1.
Caro José Cabrita Saraiva
Fui surpreendido com a morte do teu pai, não o sabia doente…
… devo dizer-te que não imaginava sequer que pudesse ficar doente, a imagem que tenho é a de um homem provocatoriamente vivo, provocatoriamente interessado em contaminar a realidade com uma visão diferente da verdade aceite pela maioria.
O teu pai era um homem alto e magro.
Percebi quando com ele trabalhei que eu próprio era mais alto, mas não parecia que o fosse.
Era sibilino e difícil – em alguns momentos passei um mau bocado quando estive nessa sua última redação, mas nunca consegui deixar de o ouvir e respeitar.
Sempre me manteve à distância e não desejava que eu o substituísse na direção do Sol – como fora definido pela administração. Pela minha parte nunca tive dúvidas acerca do que estava em jogo e ainda menos o condenei por defender à sua maneira o jornal que fundara.
Ganhou legitimamente essa batalha.
2.
Passaram uns vinte dias pela notícia da sua morte.
E quero dizer-te que o teu pai foi uma das pessoas mais marcantes que conheci – e uma das mais singulares figuras da história do jornalismo em democracia.
Era autocentrado, mas com uma visão coerente e livre.
Era reacionário e paradoxal.
Era culto, mas atraído pelo que o povo consumia.
Cultivava o estilo e a estética, os seus textos eram inconfundíveis.

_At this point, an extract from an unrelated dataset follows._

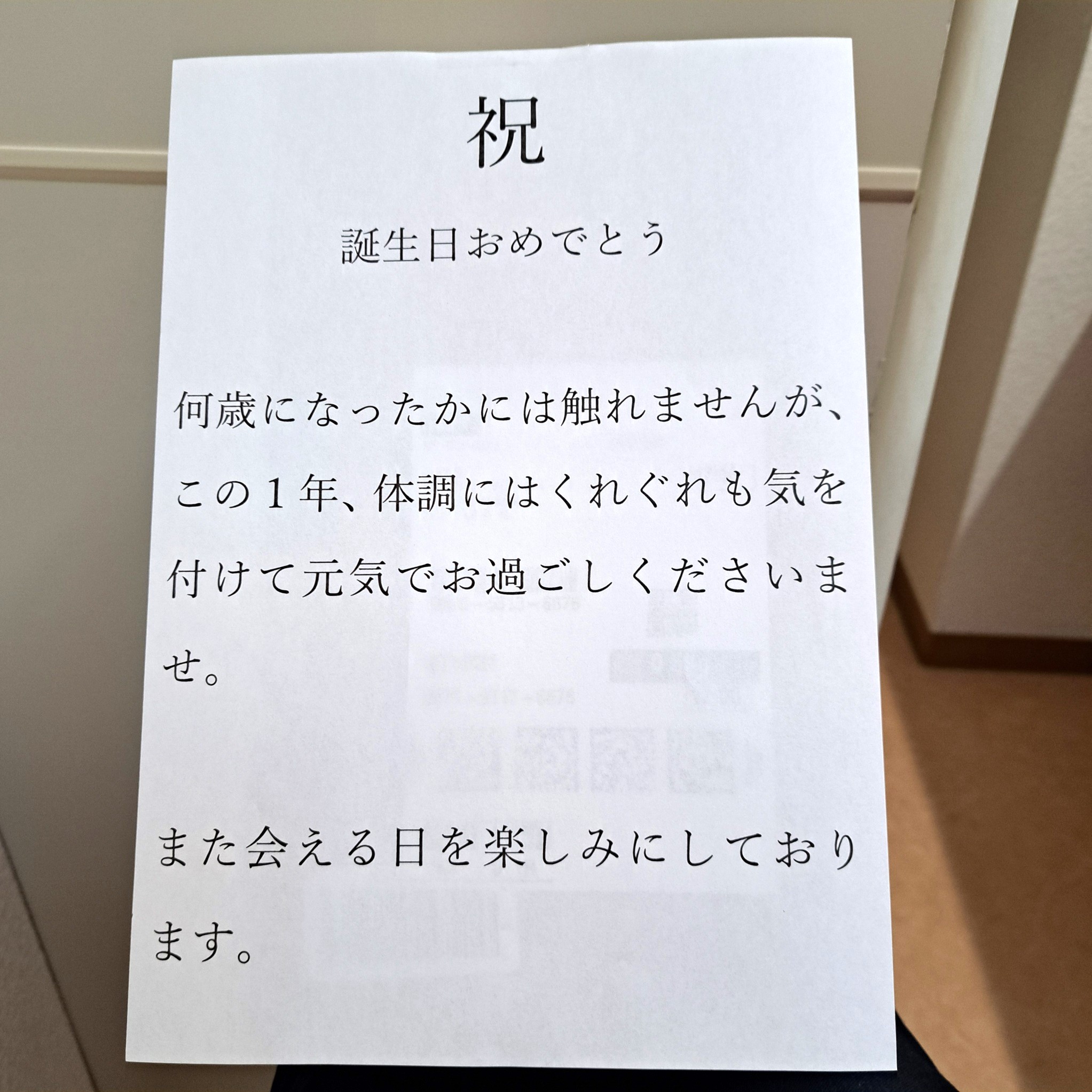 ちゃんと?手紙もつけました。「また会える日を楽しみにしております」って、毎日顔あわせてますやん!というツッコミを期待していましたが、ダダ滑りました・・・プレゼントを用意した私に息子(中3)が「お父さんでもそういうことするんや!?」と言ってきたんですが、「お父さんでも」の「でも」がとんでもなく気になります。

Era arrogante, mas diplomata.
Picuinhas, mas bastas vezes genial.
Louco e pragmático, o que é uma contradição nos termos.
E quando subíamos ao seu gabinete tornava-se quase impossível interrompe-lo nos seus monólogos de que tenho saudades, monólogos em que aprendi bastante.
3.
O teu pai aproveitou a última crónica para voltar a lixar a cabeça aos jornalistas dizendo que nunca se assumiu ou viu como tal – curiosamente o mesmo exercício de Cavaco Silva em relação à política.
Mas era um jornalista.
Um dos melhores que conheci…
… apesar de não concordar com metade das suas opções, o que me levou à loucura naqueles noves meses em que fui diretor executivo do Sol totalmente esvaziado de poder.
No entanto, todas as opções iam ao encontro de uma lógica inquebrantável – e quem era eu para o colocar em causa, ele que foi diretor do Expresso 22 anos, o diretor com mais sucesso da história do jornal fundado por Pinto Balsemão.
4.
Tens orgulho no teu pai.
E toda a razão para isso.
Fiquei triste, confesso-te.
Faltam pessoas realmente livres e heterodoxas.
Que não pensem o que é politicamente correto, à esquerda e à direita – vemos na política, nos jornais e até na cultura gente a pensar basicamente o mesmo, sem rasgo, sem coragem e sem a arrogância de acreditar que têm um caminho próprio.
José António Saraiva tinha tudo isso.
Com ele morre certamente um tempo que talvez seja impossível de voltar.